Ramsay Street style cul-de-sacs could become a thing of the past

Christmas in a strange country can be tough. That’s why last Christmas nine of us left our Melbourne base to celebrate together in the Yarra Valley.

The 90 minute journey on winding roads through the bush took us to Marysville, a pretty little village beloved of honeymooning couples. After our slap up northern hemisphere version of Christmas dinner and a few drinks, we went to explore.

You could pretty much see the town in 20 minutes – there was a park, a few cafes, a police station and a weather board church next to a babbling brook. Then darkness intervened and we returned to our cabin, vowing to come back sometime to explore the place properly.

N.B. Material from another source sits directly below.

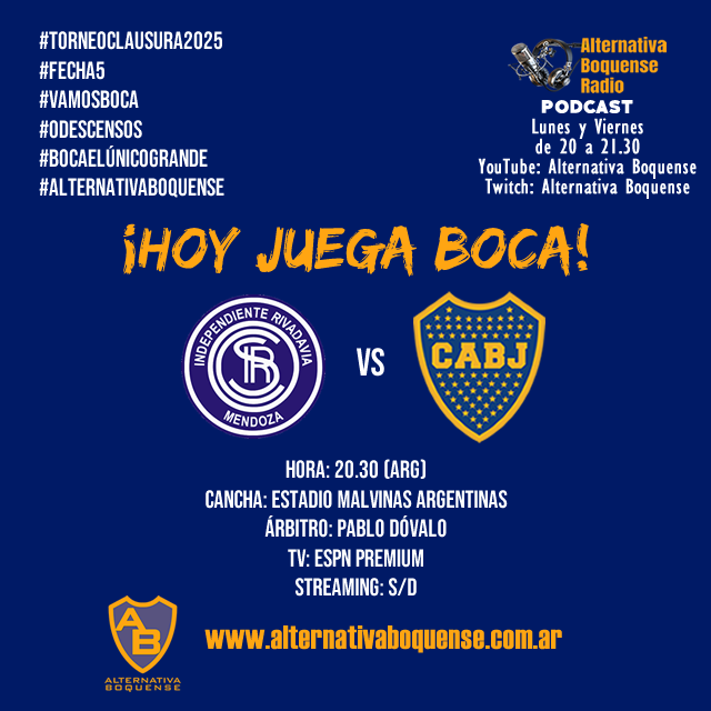 Boca Juniors visita a Independiente Rivadavia por la Fecha 5 del Grupo A del Torneo Clausura 2025. El Xeneize llegó a Mendoza con la obligación de terminar con la peor racha sin victorias de su historia, que se inició el 19 de abril. El partido se jugará desde las 20.30 (ARG),en el Estadio Malvinas Argentinas, con arbitraje de Pablo Dóvalo.

Unfortunately, if I returned to Marysville today, I probably wouldn’t recognise the place. Ten days ago, the Victorian bushfires hit the town and wiped out all but a handful of its buildings. The confirmed death toll is 39 at the time of writing. Before coming to Melbourne, I knew that bushfires were a regular occurrence here.

In fact a Melburnian was telling me today that he can tell if there are fires blazing near the city because the light changes. But the severity of these fires seem to have taken everyone by surprise – probably largely due to the high death rate (200 and counting). Yesterday, I read a paper on preventing bushfires, which was printed before the latest ones.

It noted that very few able bodied people under the age of 50 have died in the past as a result of bushfires when they have stayed in their homes and implemented their fire plan. However, it’s pretty clear that many of those who died in the latest round of fires were defending their homes in this way. So what can be done to prevent this happening again?

In Marysville the town’s bakery still remains standing, despite the fact that most of the buildings were destroyed. That may be the result of pure luck (a last minute change of wind direction) rather than fire resistant building materials, but it’s still worth looking at these buildings to see whether we can learn anything.

Experts have warned that we need to rethink where we build things and what form these buildings should take. They say should avoid building dispersed housing outside of communities, which makes it difficult for fire crews to protect homes. And dead end streets with only one escape route should be avoided at all costs. So perhaps Ramsay Street style cul-de-sacs like the one I currently live in may become a thing of the past.